Quel dispositif FranceInfo met-il en place pour davantage lutter contre les infox ?
Nous avons renforcé encore plus notre Cellule Vrai ou Faux, créée en août 2019 et pilotée par Antoine Krempf qui assure le rendez-vous de fact-checking « Le vrai du faux » dans la matinale depuis 2014. En lien étroit avec l'Agence qui est en charge de la vérification et la certification de l'info, nous avons attribué à la Cellule des journalistes supplémentaires pour produire plus de contenus et essayer de détecter les nombreuses fausses informations. Nous avons un hashtag sur les réseaux sociaux #vraioufake que les gens peuvent utiliser quand ils veulent que nos journalistes vérifient quelque chose et une rubrique baptisée comme cela sur le site.
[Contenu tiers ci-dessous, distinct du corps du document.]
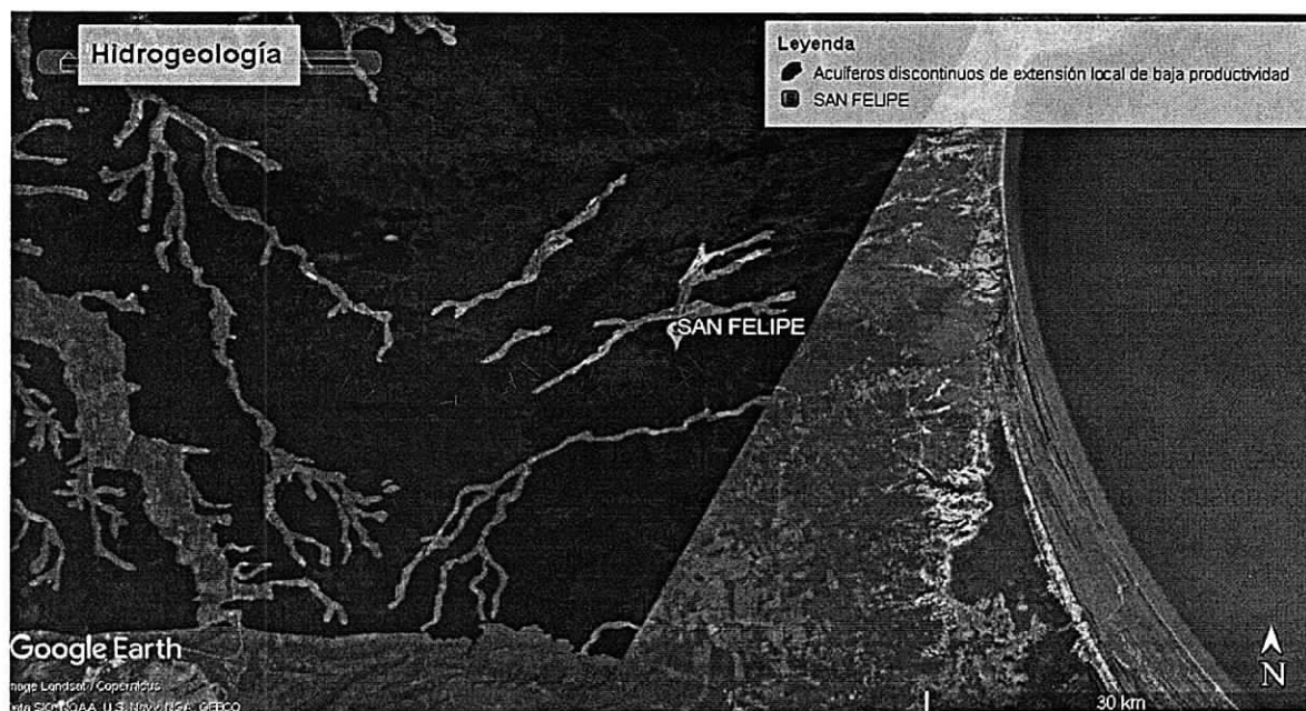
Figura 3. Hidrogeología

La condición geológica del área nos muestra que la comunidad se encuentra situada sobre la cuenca Cesar-Ranchería, predominando en el municipio las rocas sedimentarias desde el triásico hasta el cuaternario, observándose en los depósitos actuales del río Ranchería.

Dans cette période d'incertitudes, il est important pour FranceInfo d'accompagner les Français dans leur quotidien, leur appréhension de cette crise, leurs interrogations... Nous avons donc également mis en place une opération commune aux trois entités de FranceInfo (radio, TV et numérique) baptisée « On vous répond ». Les auditeurs, téléspectateurs, internautes, peuvent nous poser toutes les questions autour de la crise du coronavirus et des journalistes et spécialistes (médecins, avocats…) y répondent sur nos antennes. Souvent les mêmes questions reviennent mais l’épidémie et ses conséquences évoluent.
Comment diffuser au plus grand nombre vos contenus, notamment ceux de la Cellule Vrai du Faux ?
Nos contenus sont déclinés sur toutes nos antennes, radio, TV et numérique, ce qui permet de toucher un très grand nombre de personnes. Nous adaptons nos formats de vérification et d’explication pour les diffuser sur les réseaux sociaux, Twitter, Facebook, YouTube et Instagram là où se trouve la désinformation. Mais bien sûr il n’est pas facile de toucher toutes les cibles de ces fausses informations qui se trouvent souvent dans des groupes privés. C’est l’écueil de la lutte contre les fake news en général. Nous misons sur le fait que notre public va s’emparer de nos contenus comme des outils qu’on leur donne pour leur permettre de répondre eux-mêmes aux fausses informations.